— YOUR TASK —
Your answer should repeat exactly the lines from the one holding "コンパクトなサイズ感で、レイヤードにも重宝する1枚。 【スカート】 コットンレースが春夏らしいスカート。" through the end of the data, and it should contain no pictures.

···

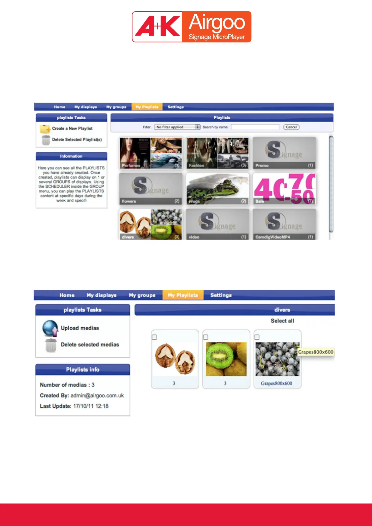 The first page in the “My Playlist” section lists all the pictures or videos contained in each Playlist;
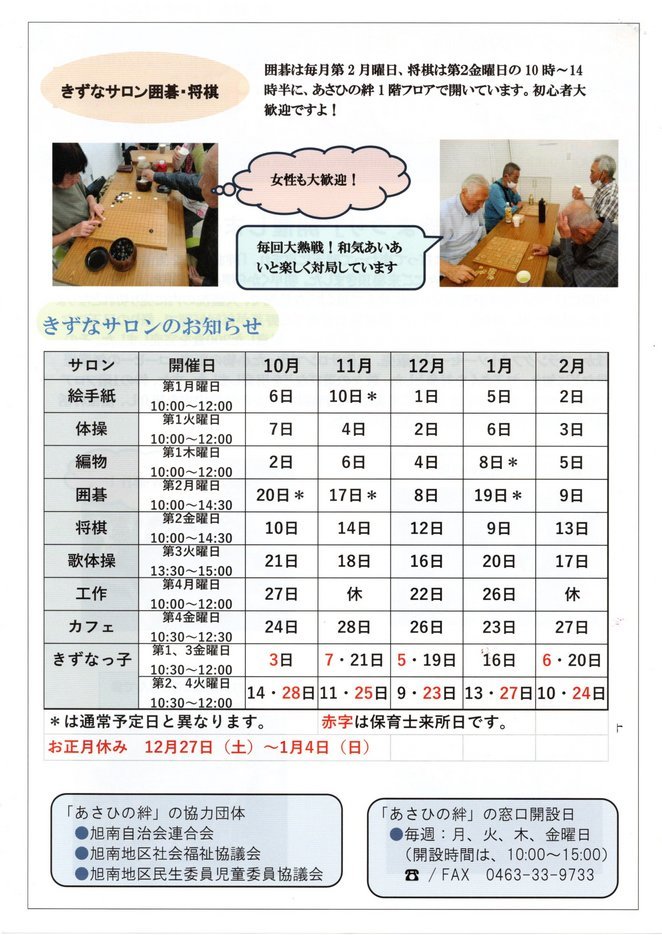 表紙は10月に行われた「絆まつり」の様子で裏面はきずな サロン囲碁・将棋の様子とサロンのお知らせ10月から2月 迄の日程です。お正月休みの日程も明示してあります。(黒木) | |
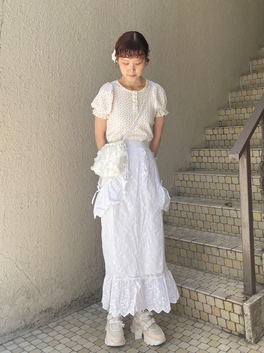 【トップス】 優しい肌触りの柔らかい素材を使用しているので、パフスリーブでも肩幅を気にせず着用していただけます◎ コンパクトなサイズ感で、レイヤードにも重宝する1枚。 【スカート】 コットンレースが春夏らしいスカート。 体のラインを拾わないサイズ感で、すっきりと着こなせます。 【バッグ】 ころんとした丸みのあるシルエットが可愛らしいポシェット。 お花のデザインが春夏らしい🌸 【シューズ】 今期イチオシのスニーカー🎀 リボンやお花刺繍のチュールに、カジュアルなスニーカーソールを組み合わせた、さまざまなコーデに馴染みやすい1足。 23.5㎝でMサイズ着用です。
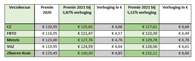 Jaarlijks presenteert DSW als eerste de nieuwe zorgpremie voor het volgende jaar. In 2021 verhoogt de zorgverzekeraar haar premie met €6,50 naar €124,50. Deze stijging is hoger dan de eerdere verwachting van het kabinet. Als we uitgaan van de stijging bij DSW, dan betaal je het volgende bij grote aanbieders als Menzis, CZ en VGZ.
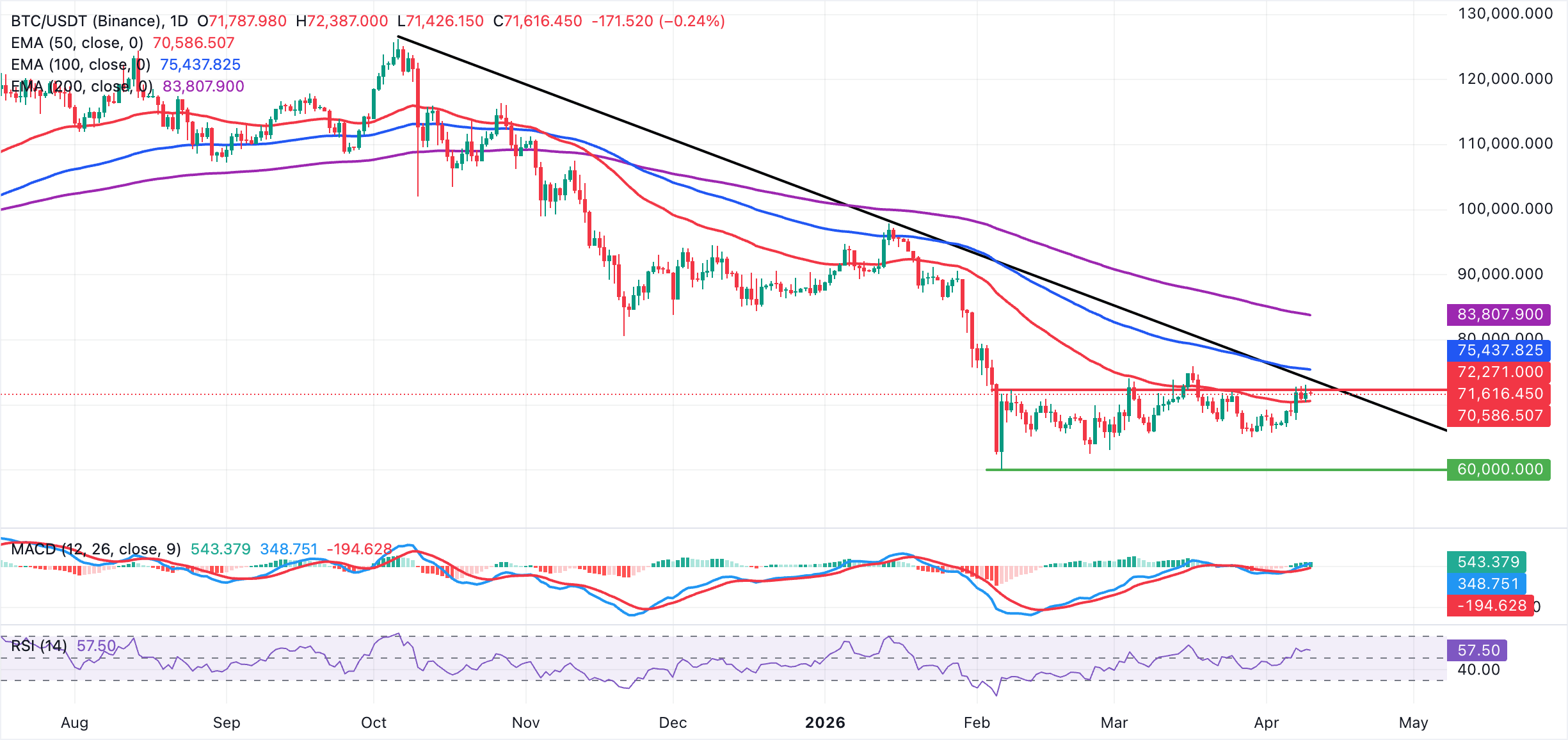 On the topside, Bitcoin's initial resistance is seen near the downward trendline around $73,830, which now serves as the first important barrier, followed by the 100-day EMA at $75,438 and then the more distant 200-day EMA at $83,808. On the downside, the 50-day EMA at $70,587 marks immediate support. A daily close beneath this floor would likely expose a deeper pullback below $70,000, while sustained trading above it would keep the door open for another attempt to challenge the $73,830 zone.
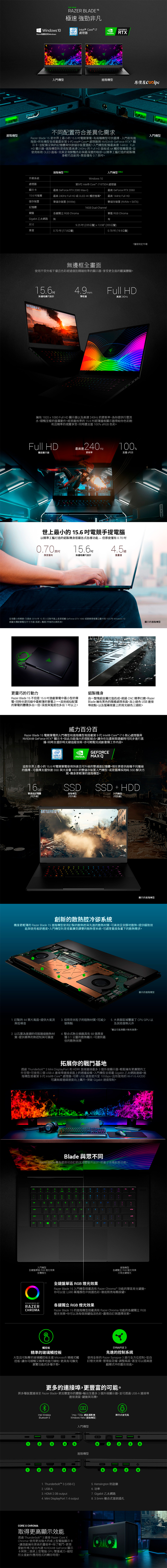 Razer Blade 15是採用Intel Core i7-9750H加NVIDIA GeForce GTX 1660 Ti 6G獨顯,所以要玩遊戲很ok,而且還有15.6” FHD 144Hz顯示器,重量也壓在約2KG,加上17.8mm的厚度,要帶出門也不致負擔過重。雷蛇Blade 15靈刃電競筆電在設計上算是比較簡約風,有人稱它是黑色的蘋果風,超薄螢幕邊框給足大視野感受,由整塊鋁金屬打造陽極處理的機身質感加乘,而頂蓋的三條蛇Logo會發出綠光更是信仰加倍!對了,它還直接內建了Thunderbolt 3 USB-C,這最高達40Gbps的頻寬為你帶來更多的可能,例如要接外接顯示卡(例如Razer CORE X/CORE V2顯示卡外接盒)達到更高遊戲效能也沒問題!
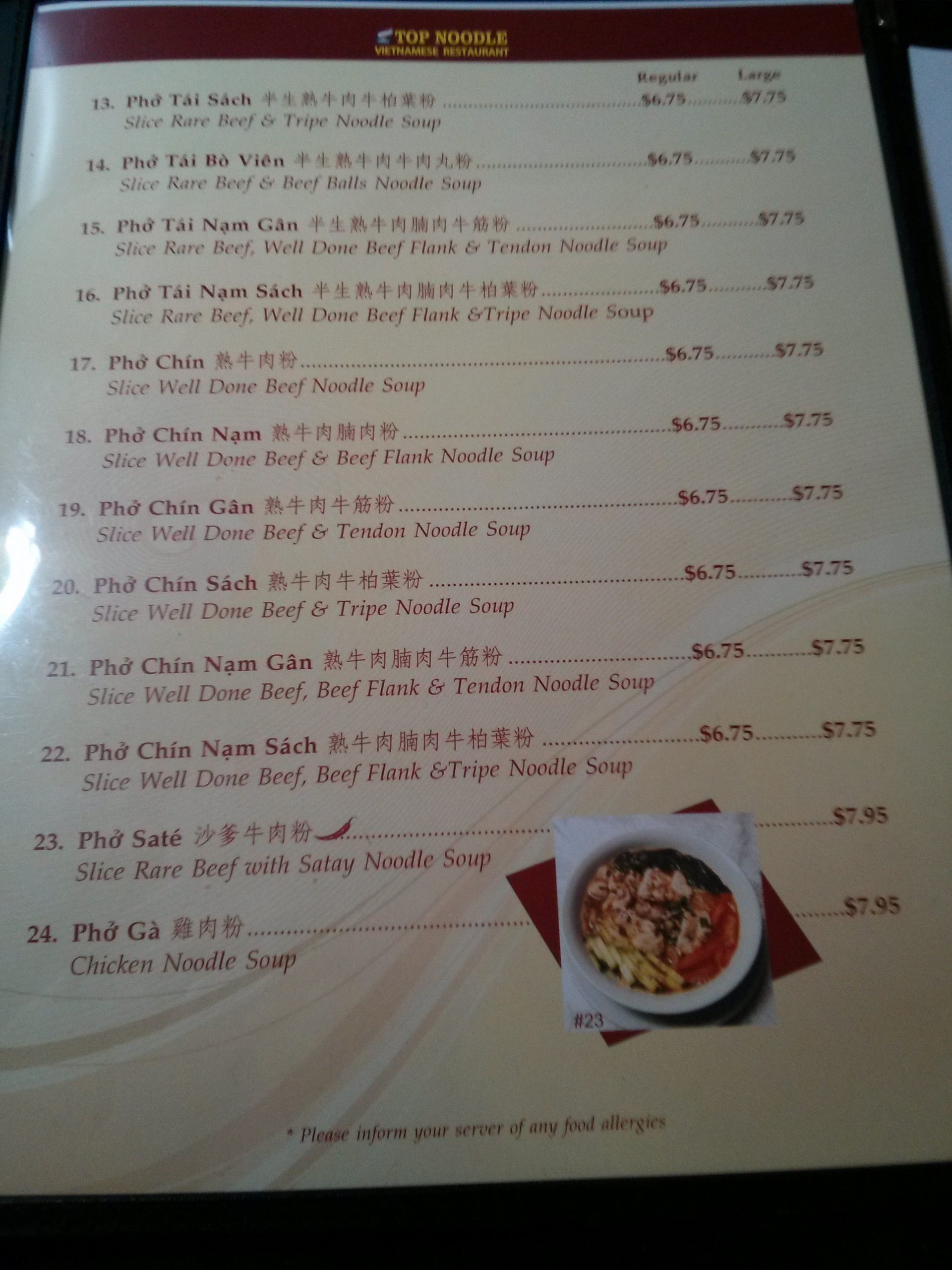 Top Noodle is now my go-to spot on Monday afternoons. Not only is their Satay Seafood Soup Noodle one of the best, the cook and staff is extremely friendly to their customer and will go the extra mile to make your experience that much more enjoyable at their restaurant.

···

— YOUR RESPONSE —
 【トップス】 優しい肌触りの柔らかい素材を使用しているので、パフスリーブでも肩幅を気にせず着用していただけます◎ コンパクトなサイズ感で、レイヤードにも重宝する1枚。 【スカート】 コットンレースが春夏らしいスカート。 体のラインを拾わないサイズ感で、すっきりと着こなせます。 【バッグ】 ころんとした丸みのあるシルエットが可愛らしいポシェット。 お花のデザインが春夏らしい🌸 【シューズ】 今期イチオシのスニーカー🎀 リボンやお花刺繍のチュールに、カジュアルなスニーカーソールを組み合わせた、さまざまなコーデに馴染みやすい1足。 23.5㎝でMサイズ着用です。
 Jaarlijks presenteert DSW als eerste de nieuwe zorgpremie voor het volgende jaar. In 2021 verhoogt de zorgverzekeraar haar premie met €6,50 naar €124,50. Deze stijging is hoger dan de eerdere verwachting van het kabinet. Als we uitgaan van de stijging bij DSW, dan betaal je het volgende bij grote aanbieders als Menzis, CZ en VGZ.
 On the topside, Bitcoin's initial resistance is seen near the downward trendline around $73,830, which now serves as the first important barrier, followed by the 100-day EMA at $75,438 and then the more distant 200-day EMA at $83,808. On the downside, the 50-day EMA at $70,587 marks immediate support. A daily close beneath this floor would likely expose a deeper pullback below $70,000, while sustained trading above it would keep the door open for another attempt to challenge the $73,830 zone.
 Razer Blade 15是採用Intel Core i7-9750H加NVIDIA GeForce GTX 1660 Ti 6G獨顯,所以要玩遊戲很ok,而且還有15.6” FHD 144Hz顯示器,重量也壓在約2KG,加上17.8mm的厚度,要帶出門也不致負擔過重。雷蛇Blade 15靈刃電競筆電在設計上算是比較簡約風,有人稱它是黑色的蘋果風,超薄螢幕邊框給足大視野感受,由整塊鋁金屬打造陽極處理的機身質感加乘,而頂蓋的三條蛇Logo會發出綠光更是信仰加倍!對了,它還直接內建了Thunderbolt 3 USB-C,這最高達40Gbps的頻寬為你帶來更多的可能,例如要接外接顯示卡(例如Razer CORE X/CORE V2顯示卡外接盒)達到更高遊戲效能也沒問題!
 Top Noodle is now my go-to spot on Monday afternoons. Not only is their Satay Seafood Soup Noodle one of the best, the cook and staff is extremely friendly to their customer and will go the extra mile to make your experience that much more enjoyable at their restaurant.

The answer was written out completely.